YOUR ASSIGNMENT:
I need an exact copy of the lines from the one containing "Fig. 191 Relative" through the end of the records, without any pictures.

(Source data)
________________

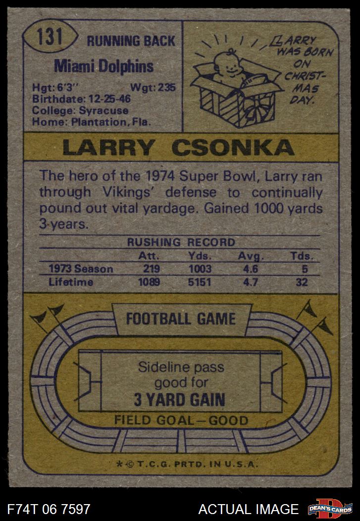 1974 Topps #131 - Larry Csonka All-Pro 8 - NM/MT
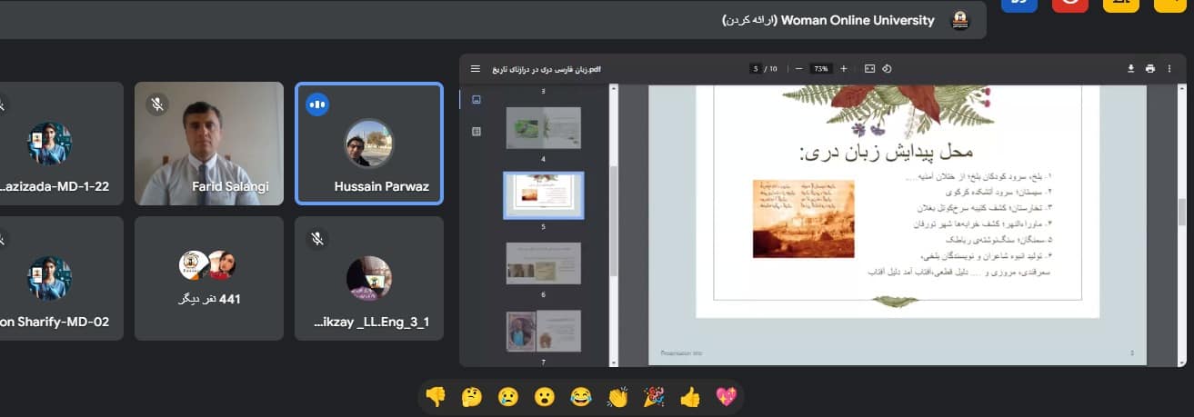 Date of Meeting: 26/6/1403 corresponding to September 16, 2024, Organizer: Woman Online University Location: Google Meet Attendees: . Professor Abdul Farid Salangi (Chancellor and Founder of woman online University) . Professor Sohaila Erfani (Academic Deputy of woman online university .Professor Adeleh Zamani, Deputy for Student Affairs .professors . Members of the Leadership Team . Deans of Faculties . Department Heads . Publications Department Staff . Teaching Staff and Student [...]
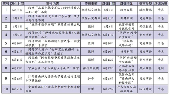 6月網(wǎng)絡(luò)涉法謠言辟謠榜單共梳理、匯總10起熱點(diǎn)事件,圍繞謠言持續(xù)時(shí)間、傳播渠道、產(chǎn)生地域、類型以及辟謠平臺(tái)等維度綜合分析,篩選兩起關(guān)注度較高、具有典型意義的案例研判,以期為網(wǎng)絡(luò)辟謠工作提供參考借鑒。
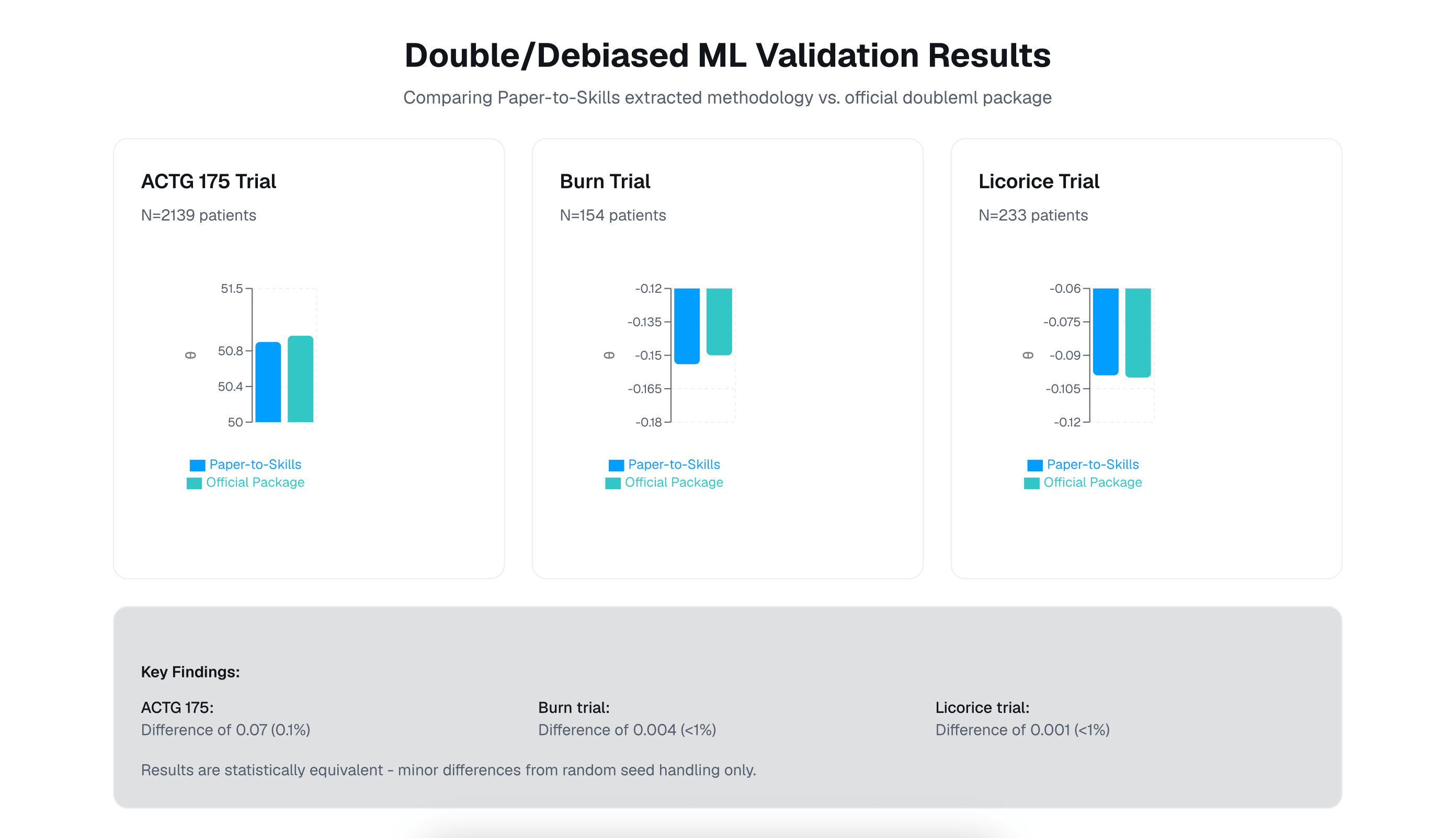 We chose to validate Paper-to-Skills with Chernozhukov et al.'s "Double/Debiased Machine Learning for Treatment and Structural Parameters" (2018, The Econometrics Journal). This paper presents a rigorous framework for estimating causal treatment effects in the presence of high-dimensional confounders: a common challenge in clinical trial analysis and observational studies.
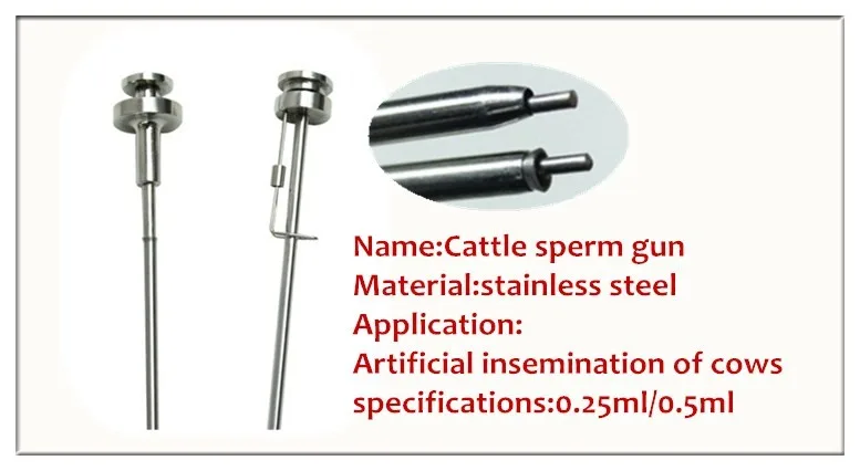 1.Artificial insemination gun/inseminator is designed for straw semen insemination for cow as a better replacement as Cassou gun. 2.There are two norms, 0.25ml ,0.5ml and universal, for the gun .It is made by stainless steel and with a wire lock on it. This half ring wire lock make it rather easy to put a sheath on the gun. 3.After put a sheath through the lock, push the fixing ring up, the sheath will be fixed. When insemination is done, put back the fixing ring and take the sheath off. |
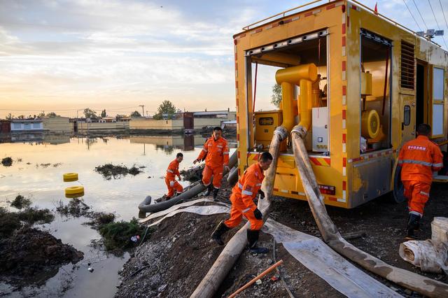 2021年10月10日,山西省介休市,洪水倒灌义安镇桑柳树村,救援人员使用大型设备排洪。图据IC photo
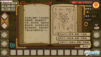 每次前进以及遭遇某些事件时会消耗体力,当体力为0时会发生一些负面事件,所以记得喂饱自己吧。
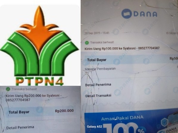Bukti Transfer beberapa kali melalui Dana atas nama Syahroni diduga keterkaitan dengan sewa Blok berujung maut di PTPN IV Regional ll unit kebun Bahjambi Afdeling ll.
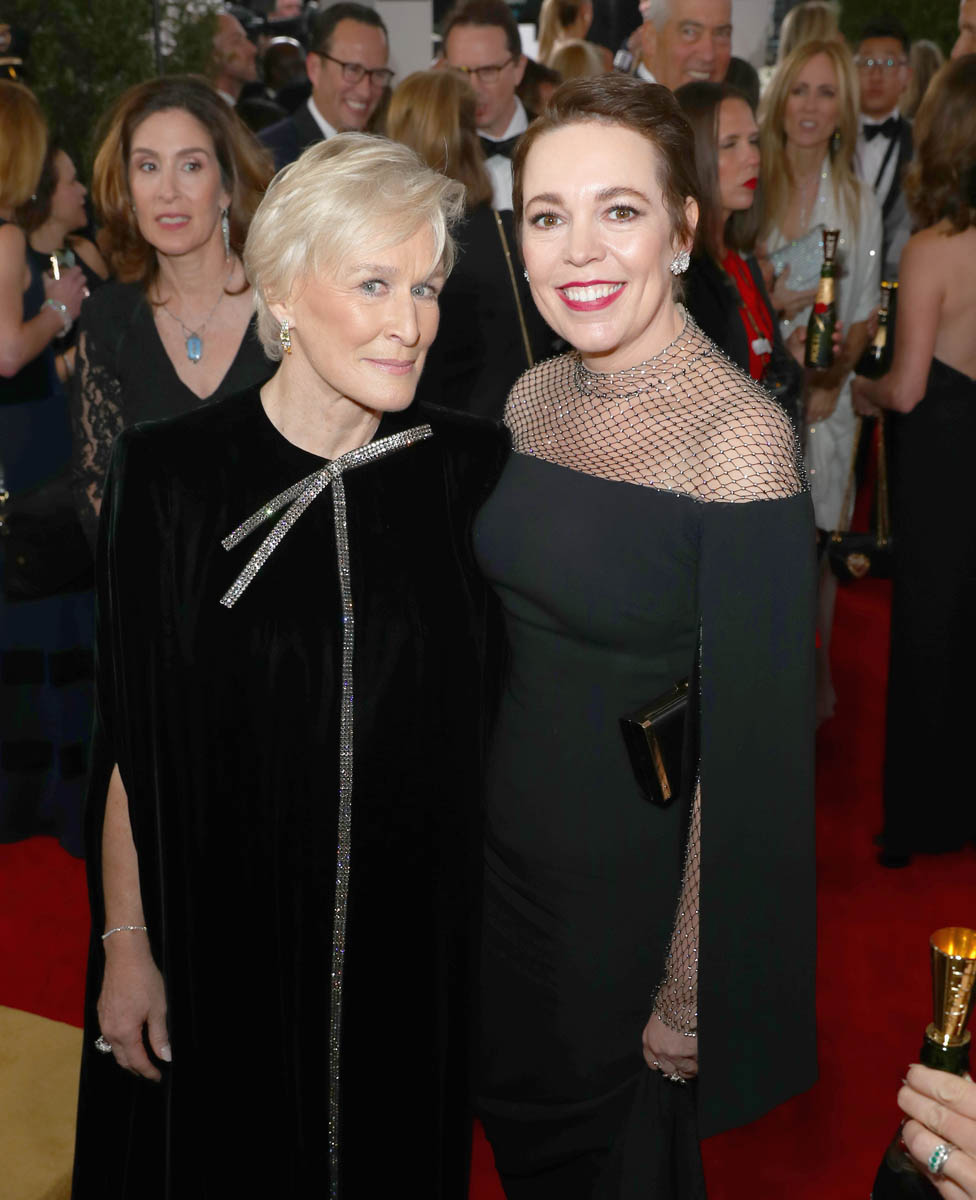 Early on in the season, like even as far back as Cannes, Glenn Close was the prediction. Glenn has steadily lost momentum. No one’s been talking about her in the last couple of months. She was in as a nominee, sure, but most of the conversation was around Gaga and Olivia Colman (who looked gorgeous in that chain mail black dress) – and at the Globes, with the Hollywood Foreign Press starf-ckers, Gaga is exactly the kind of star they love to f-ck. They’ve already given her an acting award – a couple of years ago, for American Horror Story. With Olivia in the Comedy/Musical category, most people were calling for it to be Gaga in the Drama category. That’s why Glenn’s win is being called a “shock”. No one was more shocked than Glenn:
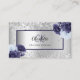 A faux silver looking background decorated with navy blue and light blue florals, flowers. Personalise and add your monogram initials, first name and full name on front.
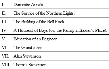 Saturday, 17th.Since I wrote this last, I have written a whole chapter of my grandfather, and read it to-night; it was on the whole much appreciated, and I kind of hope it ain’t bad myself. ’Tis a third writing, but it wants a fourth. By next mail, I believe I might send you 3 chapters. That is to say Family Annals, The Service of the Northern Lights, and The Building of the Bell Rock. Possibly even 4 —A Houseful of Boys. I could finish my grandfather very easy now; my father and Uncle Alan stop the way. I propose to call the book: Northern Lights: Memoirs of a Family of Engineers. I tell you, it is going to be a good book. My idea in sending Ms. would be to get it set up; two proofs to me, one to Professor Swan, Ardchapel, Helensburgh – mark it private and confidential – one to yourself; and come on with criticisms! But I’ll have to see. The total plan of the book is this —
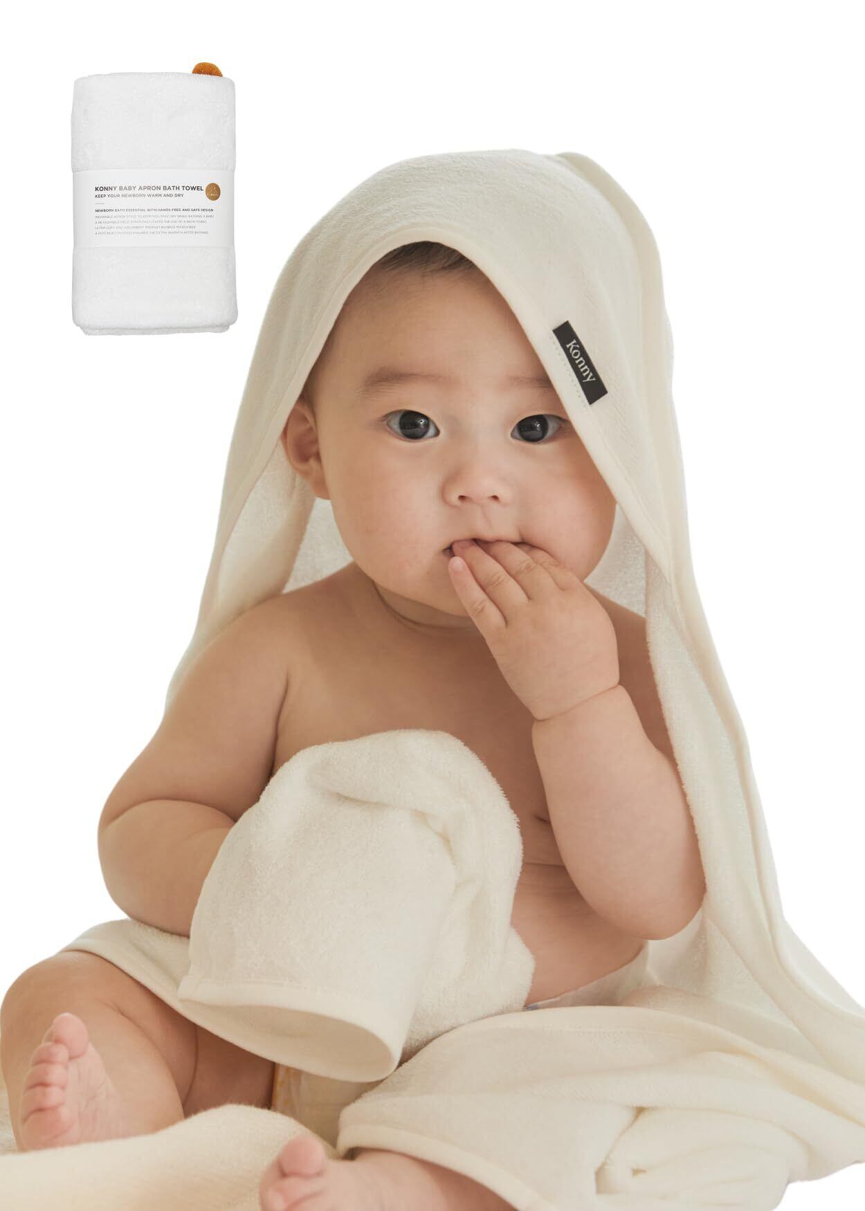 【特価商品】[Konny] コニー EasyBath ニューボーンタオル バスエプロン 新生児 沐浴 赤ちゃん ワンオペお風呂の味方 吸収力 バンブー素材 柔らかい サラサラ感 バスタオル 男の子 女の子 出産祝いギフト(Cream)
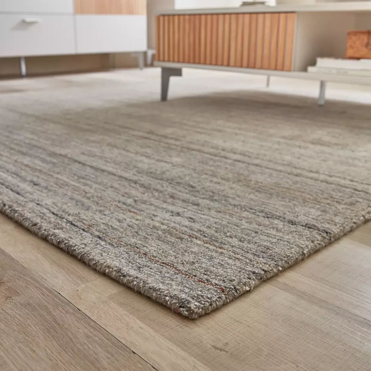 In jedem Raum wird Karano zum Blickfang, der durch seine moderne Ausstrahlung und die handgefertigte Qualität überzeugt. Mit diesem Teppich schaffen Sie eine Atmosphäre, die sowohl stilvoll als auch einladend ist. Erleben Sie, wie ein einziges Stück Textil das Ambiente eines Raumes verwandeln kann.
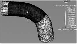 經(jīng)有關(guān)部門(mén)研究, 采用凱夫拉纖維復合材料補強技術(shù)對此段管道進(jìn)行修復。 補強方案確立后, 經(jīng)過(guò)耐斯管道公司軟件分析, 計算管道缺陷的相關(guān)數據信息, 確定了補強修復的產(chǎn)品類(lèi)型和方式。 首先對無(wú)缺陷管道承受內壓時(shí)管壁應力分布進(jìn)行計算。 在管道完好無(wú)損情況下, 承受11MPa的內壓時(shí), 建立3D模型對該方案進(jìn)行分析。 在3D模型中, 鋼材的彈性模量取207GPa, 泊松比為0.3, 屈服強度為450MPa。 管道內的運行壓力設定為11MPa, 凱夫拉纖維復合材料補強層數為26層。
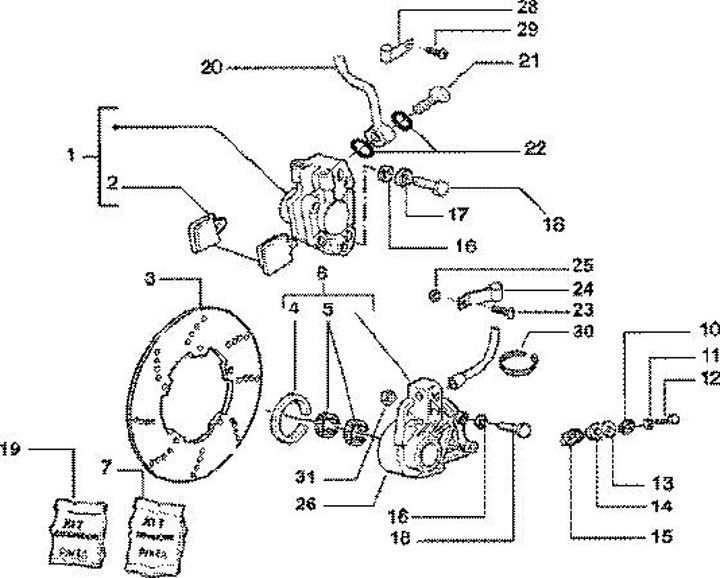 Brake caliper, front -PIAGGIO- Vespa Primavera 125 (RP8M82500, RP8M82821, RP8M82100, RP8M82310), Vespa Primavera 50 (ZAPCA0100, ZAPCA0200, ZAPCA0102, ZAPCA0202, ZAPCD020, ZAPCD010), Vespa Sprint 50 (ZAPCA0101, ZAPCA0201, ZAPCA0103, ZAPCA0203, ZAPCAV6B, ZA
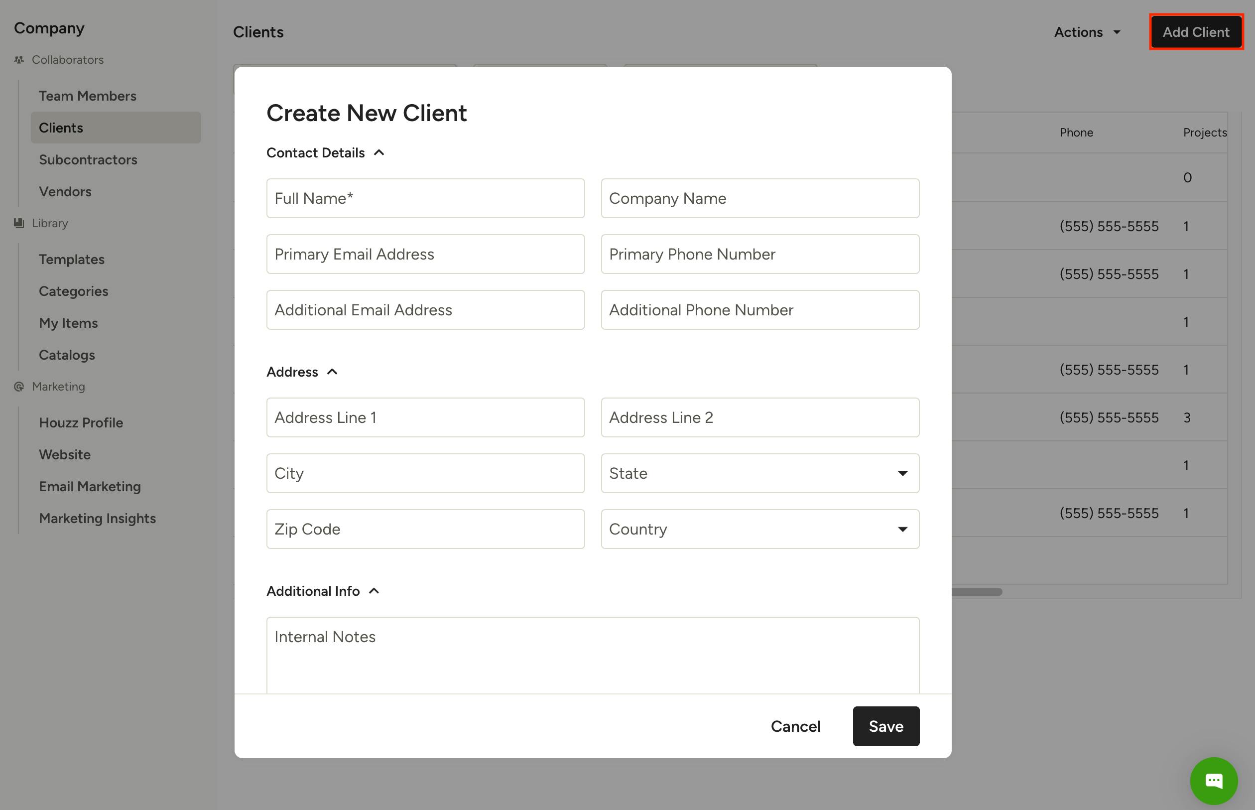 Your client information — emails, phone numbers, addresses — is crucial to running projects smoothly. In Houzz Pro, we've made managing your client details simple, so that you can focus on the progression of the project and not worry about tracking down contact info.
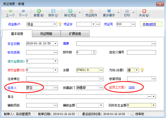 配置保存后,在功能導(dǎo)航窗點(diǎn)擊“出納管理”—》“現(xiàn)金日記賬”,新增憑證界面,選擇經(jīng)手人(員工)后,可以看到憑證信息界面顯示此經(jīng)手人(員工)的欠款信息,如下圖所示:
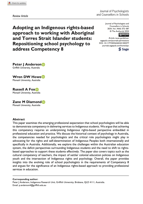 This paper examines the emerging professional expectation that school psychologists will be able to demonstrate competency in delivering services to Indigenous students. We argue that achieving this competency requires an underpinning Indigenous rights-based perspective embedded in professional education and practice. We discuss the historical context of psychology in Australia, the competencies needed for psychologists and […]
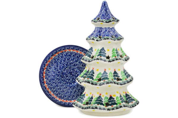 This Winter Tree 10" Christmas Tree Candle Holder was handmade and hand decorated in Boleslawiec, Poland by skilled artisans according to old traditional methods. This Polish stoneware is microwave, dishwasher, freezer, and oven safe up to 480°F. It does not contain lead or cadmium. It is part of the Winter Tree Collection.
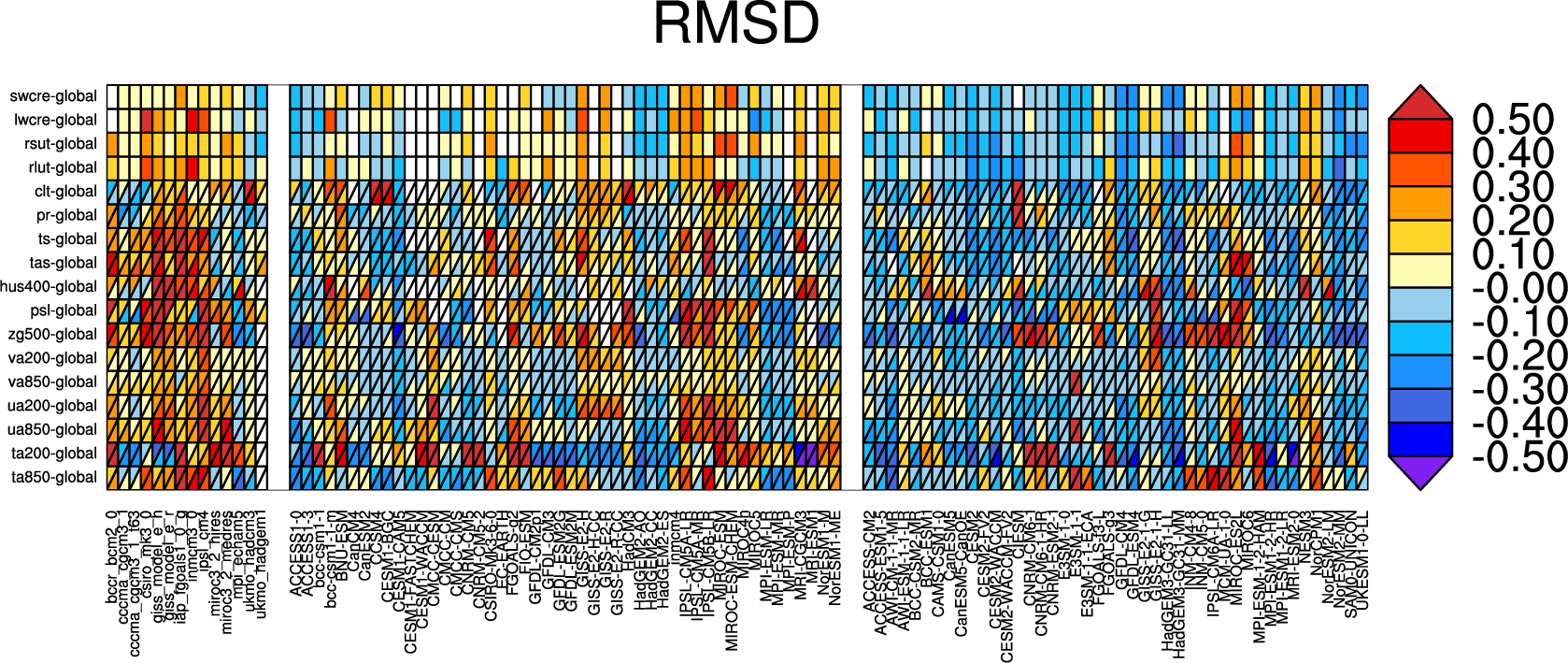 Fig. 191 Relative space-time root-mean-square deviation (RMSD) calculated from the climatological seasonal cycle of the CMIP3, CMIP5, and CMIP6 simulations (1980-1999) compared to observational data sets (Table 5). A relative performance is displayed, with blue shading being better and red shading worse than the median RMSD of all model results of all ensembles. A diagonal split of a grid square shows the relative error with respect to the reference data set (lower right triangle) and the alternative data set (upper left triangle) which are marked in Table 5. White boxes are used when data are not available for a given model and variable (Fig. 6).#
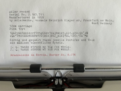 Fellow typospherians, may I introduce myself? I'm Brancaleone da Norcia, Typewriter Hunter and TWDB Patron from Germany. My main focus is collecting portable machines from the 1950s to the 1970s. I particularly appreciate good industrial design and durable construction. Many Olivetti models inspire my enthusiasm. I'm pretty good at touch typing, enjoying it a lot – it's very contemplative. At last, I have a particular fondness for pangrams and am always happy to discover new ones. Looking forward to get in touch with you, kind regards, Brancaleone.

________________

FINISHED TASK:
 Fig. 191 Relative space-time root-mean-square deviation (RMSD) calculated from the climatological seasonal cycle of the CMIP3, CMIP5, and CMIP6 simulations (1980-1999) compared to observational data sets (Table 5). A relative performance is displayed, with blue shading being better and red shading worse than the median RMSD of all model results of all ensembles. A diagonal split of a grid square shows the relative error with respect to the reference data set (lower right triangle) and the alternative data set (upper left triangle) which are marked in Table 5. White boxes are used when data are not available for a given model and variable (Fig. 6).#
 Fellow typospherians, may I introduce myself? I'm Brancaleone da Norcia, Typewriter Hunter and TWDB Patron from Germany. My main focus is collecting portable machines from the 1950s to the 1970s. I particularly appreciate good industrial design and durable construction. Many Olivetti models inspire my enthusiasm. I'm pretty good at touch typing, enjoying it a lot – it's very contemplative. At last, I have a particular fondness for pangrams and am always happy to discover new ones. Looking forward to get in touch with you, kind regards, Brancaleone.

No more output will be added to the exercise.